Start with a suitable seed, [itex]S_n[/itex], consisting of an array of n previously generated pseudo-random numbers from the function [itex]PRNG(seed)[/itex]. In order to maximize the randomness of [itex]PRNG[/itex] we want [itex]PRNG(S_n)[/itex] to return a result such that the entropy of [itex]S_{n+1}[/itex] is also maximized. Such a result can be distinct, given a suitable seed. However, in an effort to maximize the randomness of [itex]PRNG[/itex] we have now created a process which is deterministic and completely predictable, which directly contradicts the proclaimed unpredictability of information content through high entropy. :wink:

Sorry, I am not clear, what is PRNG(S_n) , what does PRNG do to the sequence S_n?
 
  • #5
rjbeery said:
Agreed, I just find it philosophically interesting that a "perfect" RNG is not the "best" RNG.
What do you mean? The P stands for "pseudo", not "perfect".
 
  • #6
Yes, computer algorithms including RNG's by their nature perform a sequence of logical steps (often given an input) to arrive at a given result which can then be output.
This precise orderly sequence necessitates a level of predictability.

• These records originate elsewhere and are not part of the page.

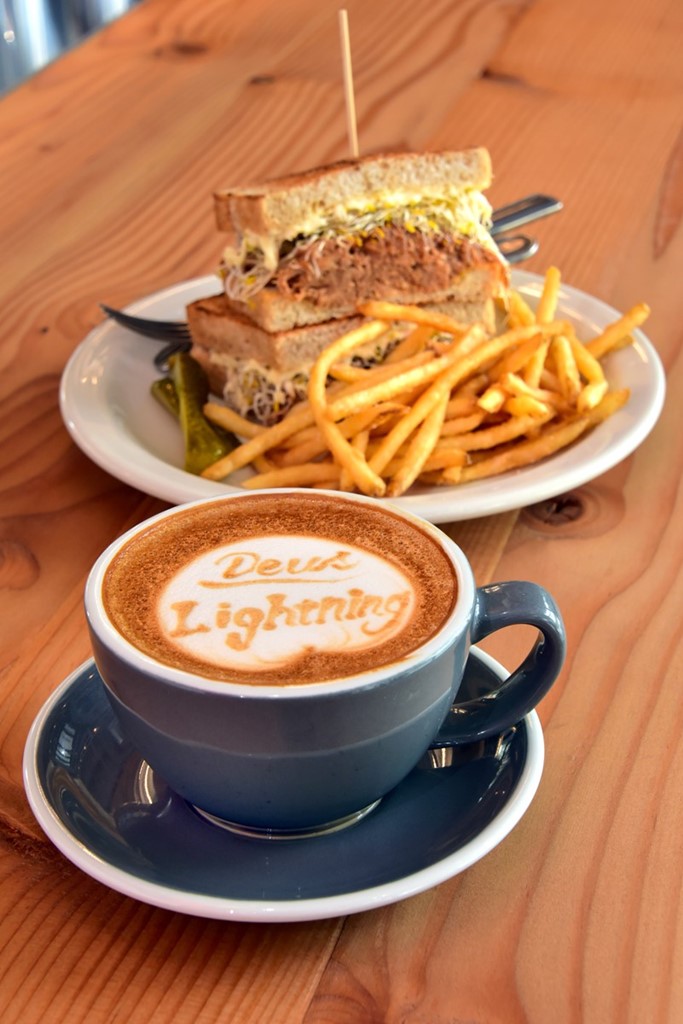 前店舗の看板メニューだった「BBQ PULLED PORK(1300円)」も健在! ラテアートが描かれた「DEUS LATTE(600円)」と一緒にオーダーしたいところ。今回は特別にLightningの文字を描いていただいた!
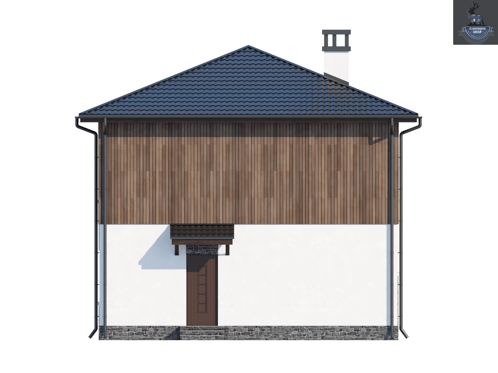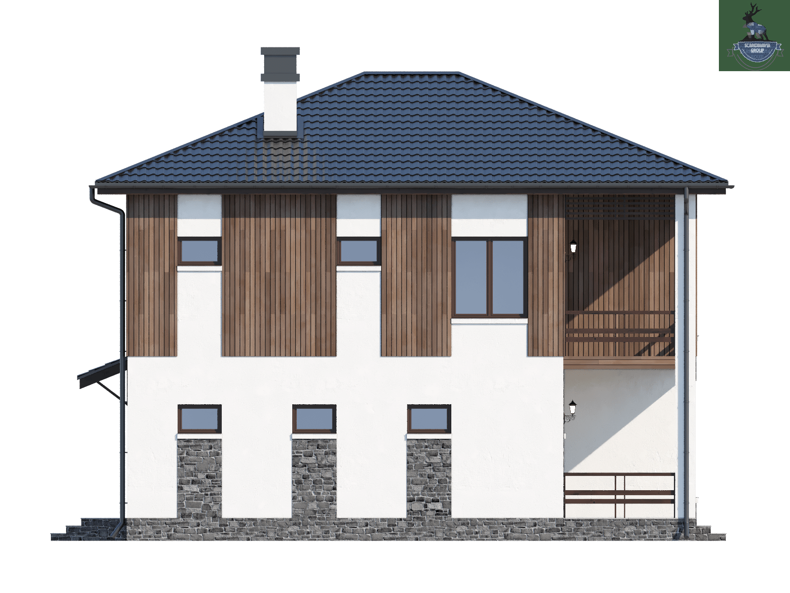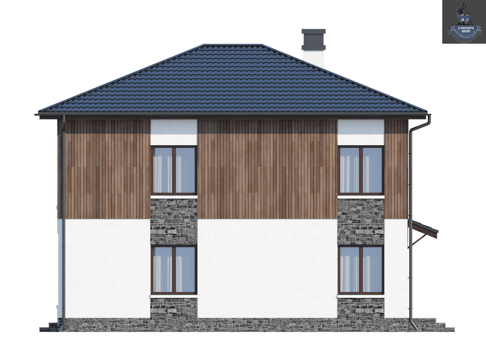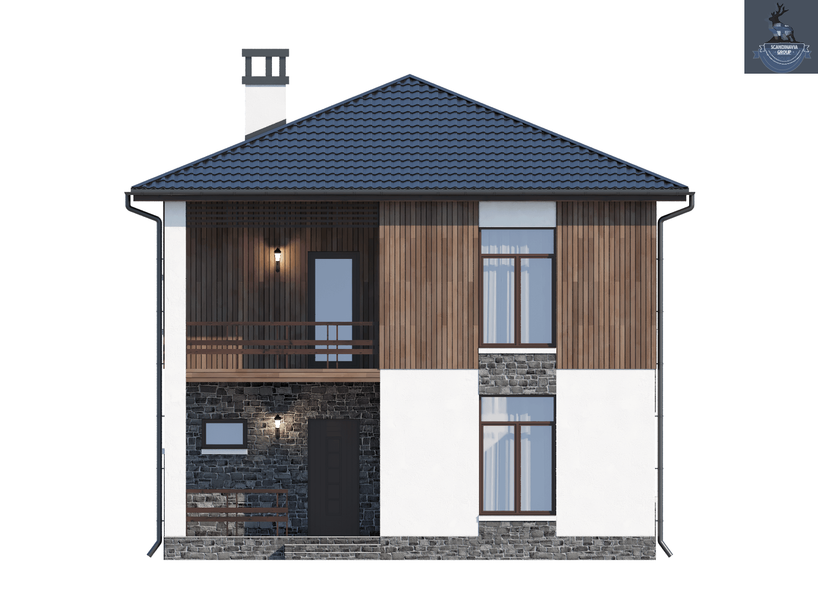Проект каркасного дома КД-730 — это уютный двухэтажный коттедж в скандинавском стиле с классической вальмовой крышей, необычной внешней отделкой, внутренними помещениями правильной формы. Проектная площадь здания составляет 189 м². В доме есть все необходимые для комфортного проживания семьи из 3-6 человек
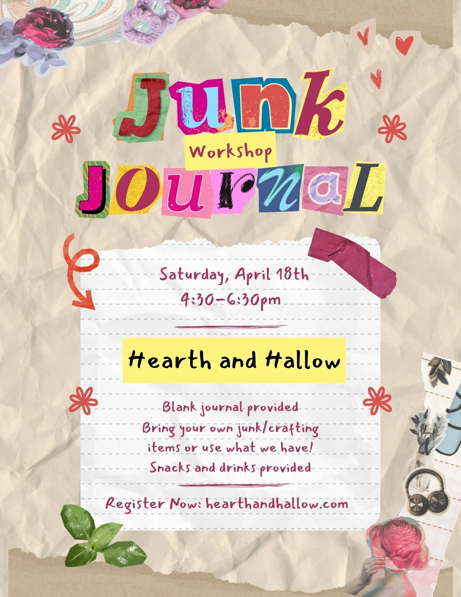 We’ll provide blank journals to get you started—just bring your favorite “junk” (magazine clippings, old notes, photos, stickers, random bits you love), or dig into our stash of supplies. Not sure where to start? We’ve got thoughtful prompts to guide you (especially for our fellow overthinkers 😉).
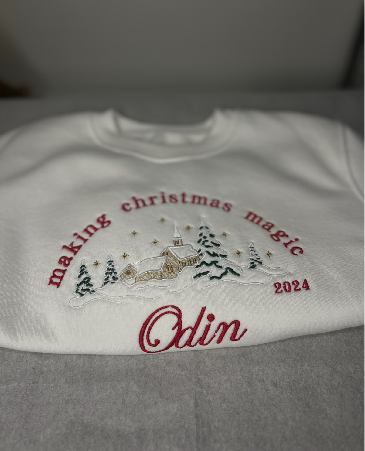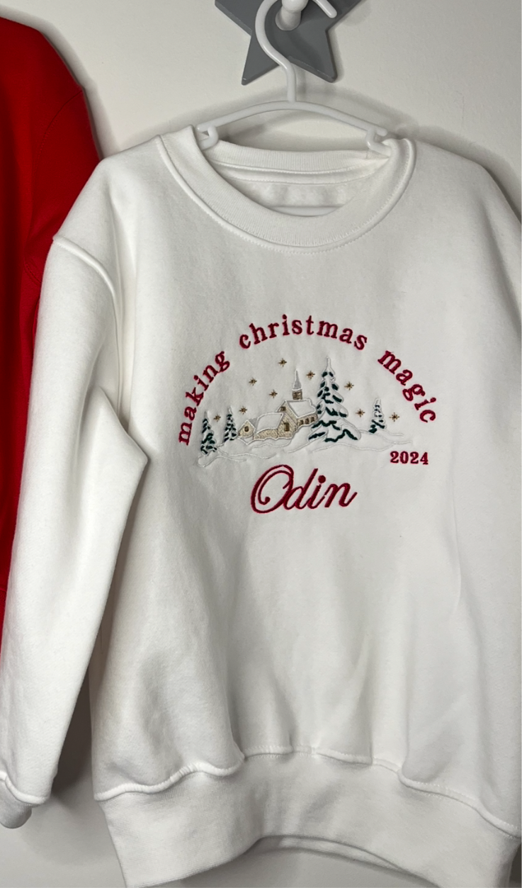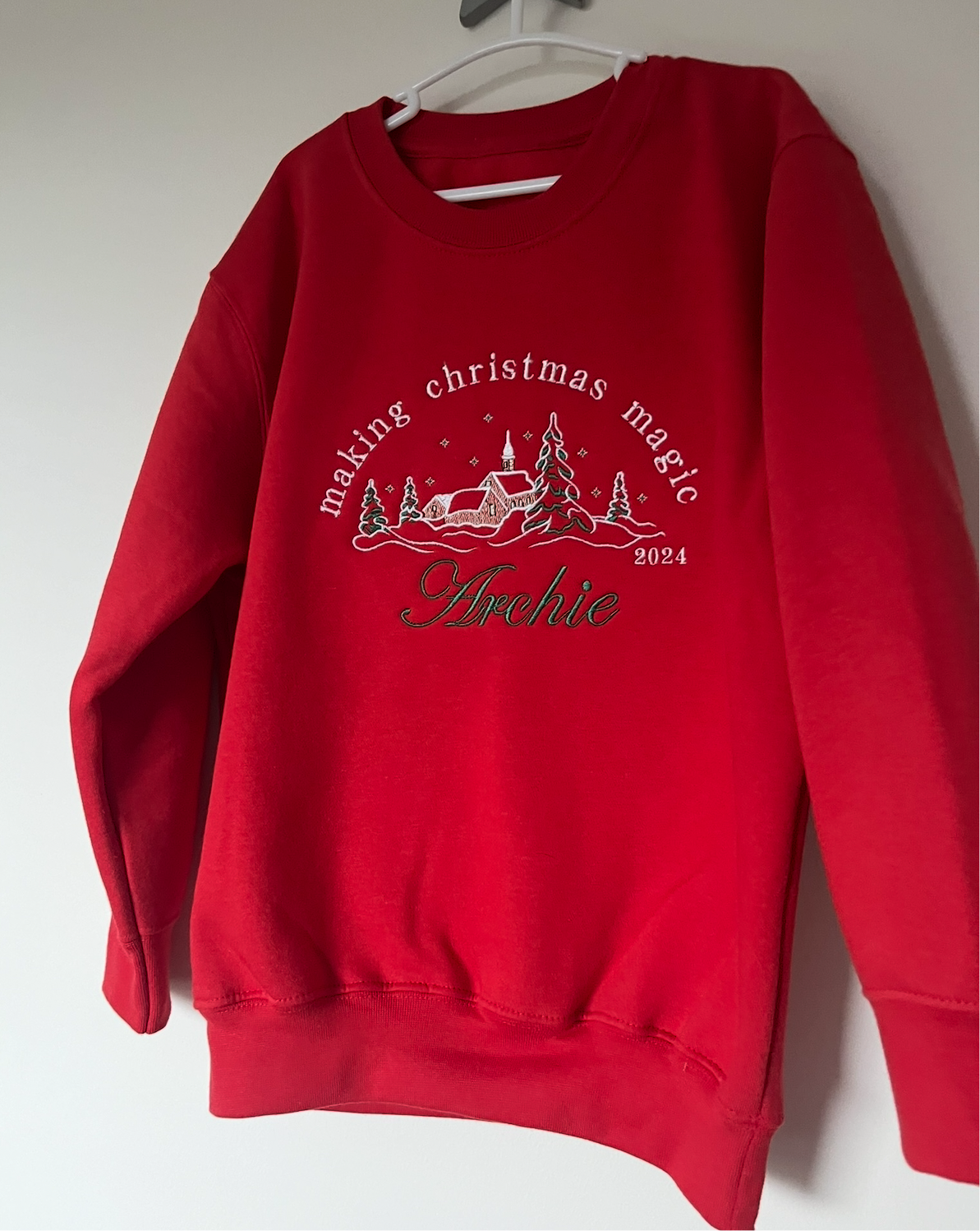 This children's sweatshirt, t-shirt or sleep-suit features an adorable embroidered Christmas design, making it the cutest addition to any child's wardrobe.
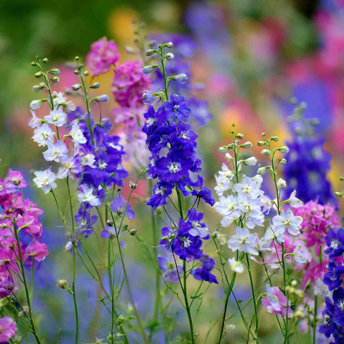 Larkspur features tall spikes of pastel blossoms that self-sow freely in the right conditions. Their delicate blooms create a cottage-garden feel that’s both natural and enchanting.
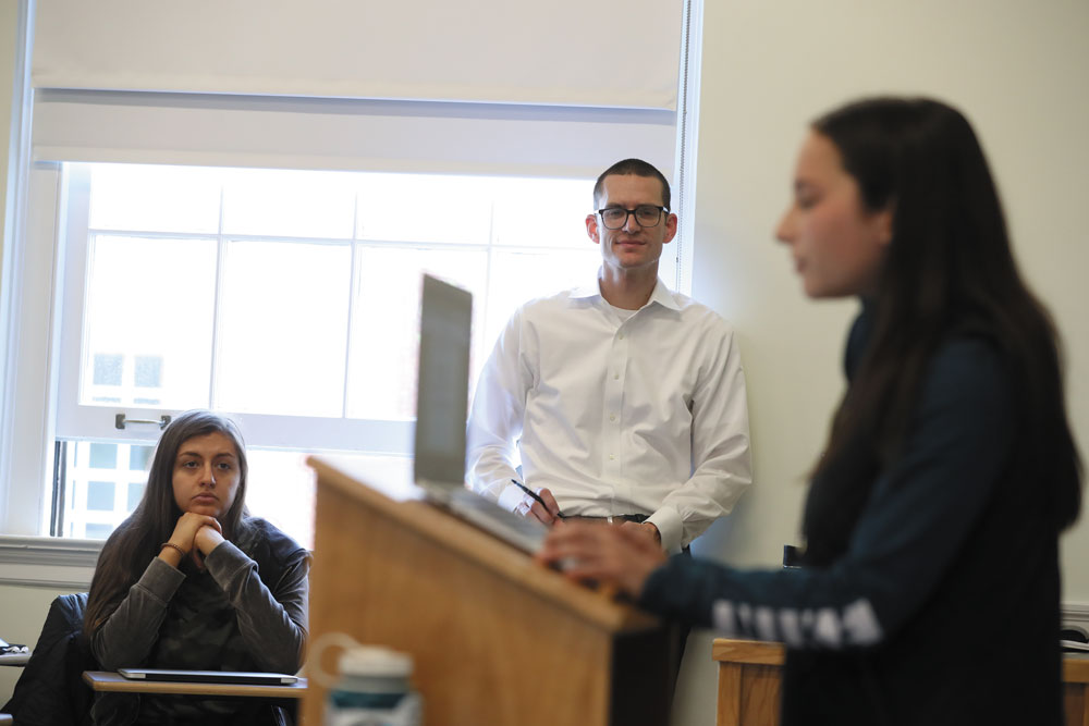 Though student back-and-forth consumes the bulk of the class, the professor gets first crack at each argument. Quick on his feet, he challenges positions and clarifies arguments with pointed but constructive questions.
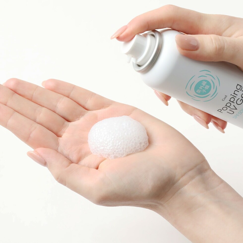 パチパチ泡がひんやり涼やかにする。 1歳から使用できる泡状の日焼け止め。紫外線と纏わりつくような暑さが気になる日にピッタリのアイテムです。肌に馴染ませると、パチパチと音をたてながらシュワーッと伸びて肌に密着。軽いつけ心地でベタつきもなく、ひんやりと肌を涼ませます。パチパチと弾ける「音」、ひんやりとした「触感」、ほのかに香るオレンジ精油の「香り」で気分もリフレッシュできる、まさに一石三鳥のUVケアアイテム。家族みんなでユニークな日焼け止めの楽しさを共有できます。
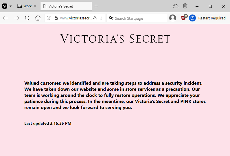 Victoria's Secret cyberattack: Lingerie company Victoria's Secret has taken down its US website in the aftermath of a cyberattack. Stores are still open for business, but some in-store services have been halted as the company restores IT systems. The company did not provide additional details. Victoria's Secret operates over 1,300 retail stores across 70 countries. [Additional coverage in the BBC]
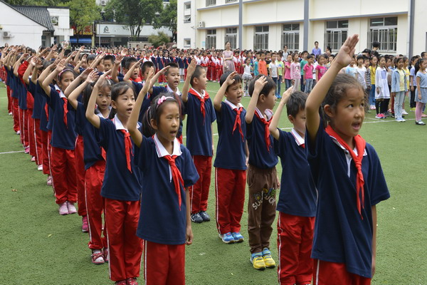 仪式虽然只有短短的半个小时,可对祖国的崇高敬意却留在了孩子们的心里,他们从特别而隆重的主题升旗活动中感受到了更深的含意,明白了身上的担子和责任,懂得了珍惜今天美好的生活!最后国庆升旗仪式在歌声《祖国祖国我们爱你》中圆满结束。相信这爱国情结也将从小植根于孩子心中,不断激发他们立报国之志、学报国之才,为创造祖国辉煌未来贡献自己的力量!

Randomnisity is defined as non-predictable.

Therefore, there is no means (excluding perhaps some clever use of qubits?) for a computer to generate random numbers.

This isn't really any paradox, just 'bad' terminology of t the word Random - although that's why there is a prefix of "PSEUDO".
_

PRNGs are, just as any computer models, merely simulations. Whilst they may not actually really be providing random numbers per definition, the results (at least, generally for practical purpose) are suitable and indistinguishable from expected actual random results, therefore, in that respect, they are indeed perfect.
 
  • #7
WWGD said:
Sorry, I am not clear, what is PRNG(S_n) , what does PRNG do to the sequence S_n?
PRNGs in general take an input and return a value; it's just a function whose output is to be used when we want unpredictability. In this case, PRNG is taking some seed consisting of an array of n numbers (e.g. 3, 4, 2, 7, 7, 6...0, 1, 9) and, in order to produce the "theoretically least predictable value possible", chooses the one which would produce the highest entropy for [itex]S_{n+1}[/itex] (e.g. 3, 4, 2, 7, 7, 6...0, 1, 9, 8).

The paradox is that by choosing the theoretically least predictable value (by maximizing the entropy of the resulting array) we have come to a single solution, which makes it perfectly predictable.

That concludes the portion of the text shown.